In a joint statement with NextWave Wireless LLC (PINK:WAVE)’s management team, Dallas-based AT&T Inc. (NYSE:T) has announced that the Federal Communications Commission will green-light the proposed merger between the two companies. Valued at about $600 million, this cash-and-debt deal will provide AT&T with significant leverage in the rapidly-consolidating mobile data industry. For NextWave’s shareholders, it ends a difficult period that saw the company’s value decline from a high near $50 per share in mid-2008 to a low near $.20 per share throughout 2012. If nothing arises to delay or scuttle the deal, it should close by the end of the second quarter of 2013.
About AT&T and NextWave Communications
AT&T is one of the two largest wireless and landline communications providers in the United States. In addition to its core telephony businesses, the company operates an Internet and cable service provider known as UVerse. It also maintains a dense retail infrastructure in the United States and elsewhere. These stores sell phones, mobile devices, computing equipment and subscription plans. The company also provides in-person and online technical support. Finally, AT&T maintains a comprehensive e-commerce presence that permits its subscribers to change their subscription plans and purchase new devices and accessories from home. AT&T employs about 240,000 people and earned $7.3 billion on gross revenues of $127.4 billion in 2012.

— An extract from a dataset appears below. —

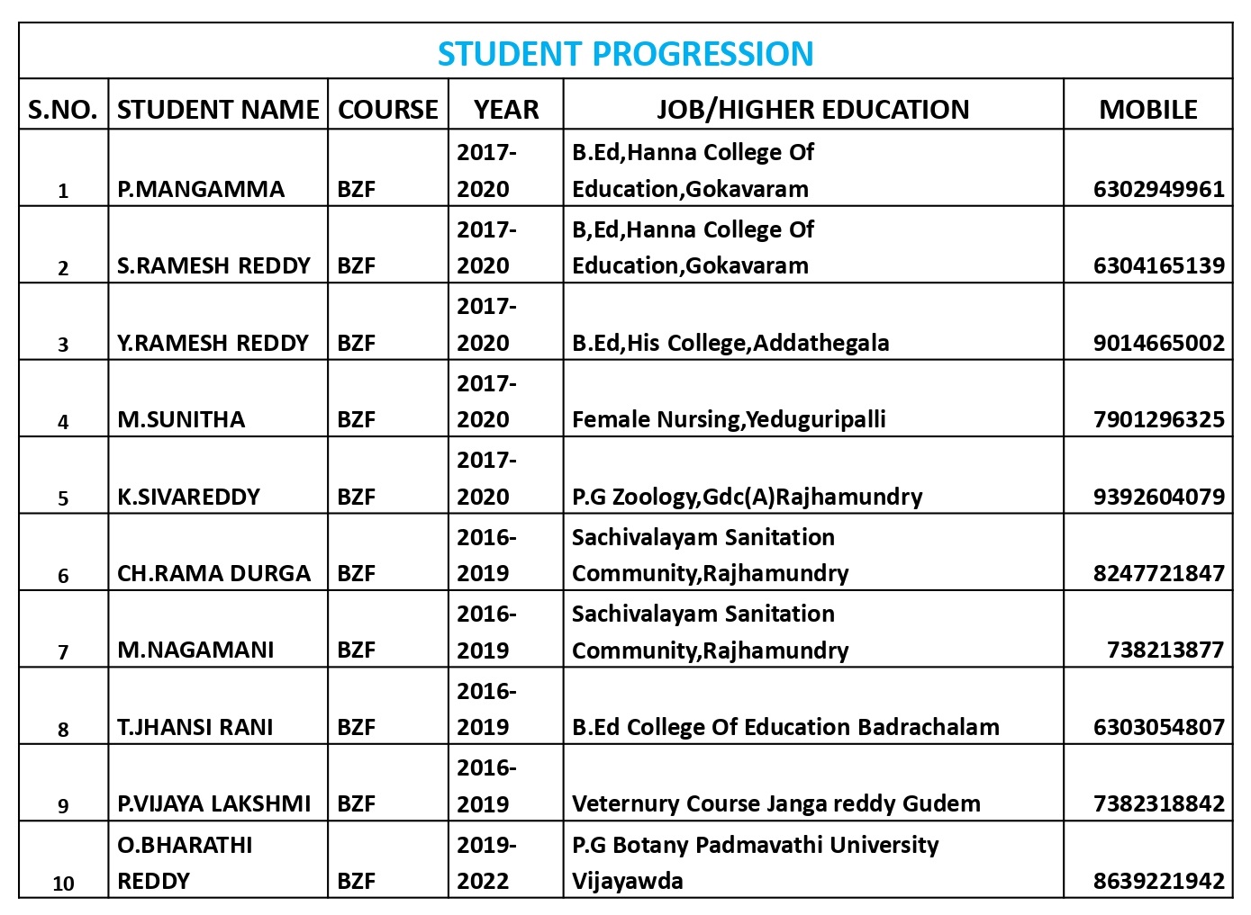 The College has a unique programme in B.Sc with Forestry as one of the Course in Andhrapradesh

NextWave Wireless has suffered a number of setbacks since its heyday in the mid-2000s. The company now functions primarily as a holding company that manages a number of distinct sections of the wireless spectrum. The value of its holdings have fluctuated in recent years: Even as the remaining unused pieces of the wireless spectrum increase in value, new additions have helped to keep the overall supply in line with demand. As such, NextWave’s revenues have stagnated or declined since the recession. The company’s attractiveness as an acquisition target is rooted exclusively in the market value of its North American spectrum holdings.
How the Deal Is Structured
Under the terms of this rather complex deal, current NextWave shareholders will receive cash compensation in the amount of $1 per share. Additionally, they will receive proportional shares of a simultaneous $25 million escrow payment. The final component of the deal involves AT&T’s assumption of NextWave’s outstanding senior debt. With an annual interest rate of 15 percent, this represents a sizable obligation.
Altogether, the cash-and-escrow components of the deal value NextWave at approximately $1.50 per share. Relative to the stock’s current closing price of $1.44 per share, this represents a premium of about 4.5 percent. Relative to the stock’s pre-announcement closing price of $.20 per share, this represents a premium of 750 percent.
Legal Issues and Potential Complications
The principal hurdle to this deal had been a period of mandatory review by the Federal Communications Commission. Now that the FCC has blessed the deal, it appears likely that it will go through as planned. Although it remains subject to a customary antitrust investigation that has not yet produced a final report, regulatory approval appears all but approved. Since NextWave is no longer a viable concern, AT&T is doing little more than purchasing valuable spectrum assets to add to its own portfolio. Although this certainly provides the company with a competitive advantage, it is not likely to violate any specific antitrust statutes.